Le ministère public a fait connaître son avis par conclusions écrites du 21 août 2024.
A l’audience du 22 Août 2024, Me Jane WERY , conseil de Monsieur [K] [O], a été entendu en ses observations.
L’affaire a été mise en délibéré à ce jour.
MOTIFS
Sur les conclusions de nullité:
Maître WERY dépose des conclusions de nullité au motif que le certificat médical de 72 heures a été rédigé le 16 août 2024, seulement 24h après le certificat des 24 heures qui lui est daté du 15 août 2024 alors même que le délai de 72 heures imparti à l’établissement hospitalier pour lui permettre de faire une nouvelle évaluation de l’état de santé du patient n’était pas écoulé.
Attendu que le texte impose un délai butoir de 72 heures mais n’interdit pas pour des raisons pratiques évidentes d’établir le certificat dans le cours de ce délai ce qui a été fait en l’espèce.
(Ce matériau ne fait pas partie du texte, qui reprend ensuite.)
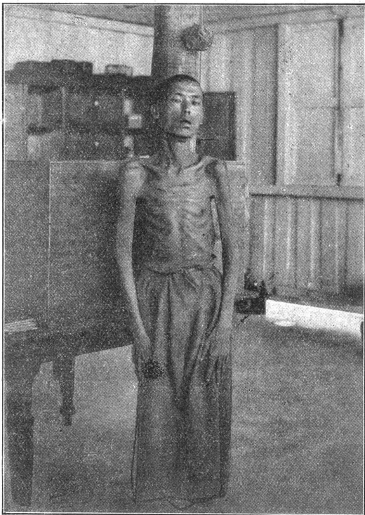
!Kranker Chinese im Spital.

Wenn sich uns auch kein Cäsar in den Weg stellte, hatten wir vorerst genugsam mit Hindernissen zu kämpfen; denn ein fremder Administrateur, der an Verfolgungswahn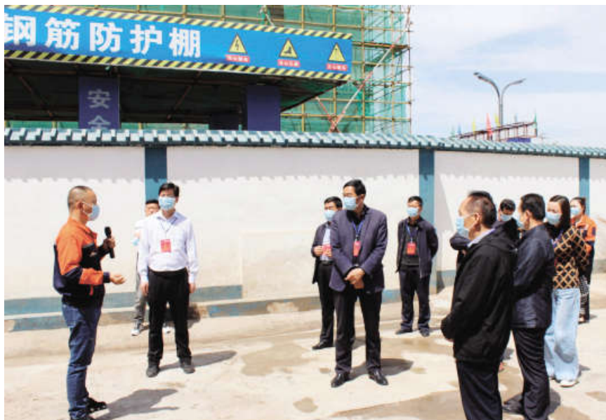
2021年5月27日，检查全县《中华人民共和国固体废物污染环境防治法》实施情况及环境状况和环境保护目标完成情况。图为检查组现场查看城区餐厨垃圾处理站建设情况。

市人大常委会高度重视和加强代表在生态文明建设方面的意见建议的跟踪督办，一抓到底，直到问题解决，着力提高办理实效。比如，2020年1月县十八届人大五次会议期间，24名代表联名提出“关于加大城乡人居环境整治扶持力度的建议”，市人大常委会组织组成人员和相关部门负责同志通过外出考察学习、实地调研、征求意见、召开代表座谈会等多种形式，督促县政府及其承办部门把开展农村人居环境整治作为实施乡村振兴战略的第一场硬仗，以创建24个改厕示范村为抓手，采取统

Que par ailleurs, la preuve d’un grief n’est pas rapportée, un avis motivé ayant été établi parle Docteur [X] [M] le 21 août 2024.
Qu’il convient de rejeter le moyen soulevé.
Maître WERY soulève un autre moyen de nullité concernant l’urgence qui selon elle n’est pas suffisamment démontrée.
Attendu que le certificat des 24 heures établi par le docteur [Z] le 15 août 2024 mentionne que le patient a été hospitalisé via les urgences de [Localité 6] pour trouble du comportement avec errance sur la voie publique , comportement inadapté et délire de persécution. Qu’il n’adhère pas aux soins et nécessite une mise en observationjustifiant le maintien de la mesure de SDT en hospitalisation complète.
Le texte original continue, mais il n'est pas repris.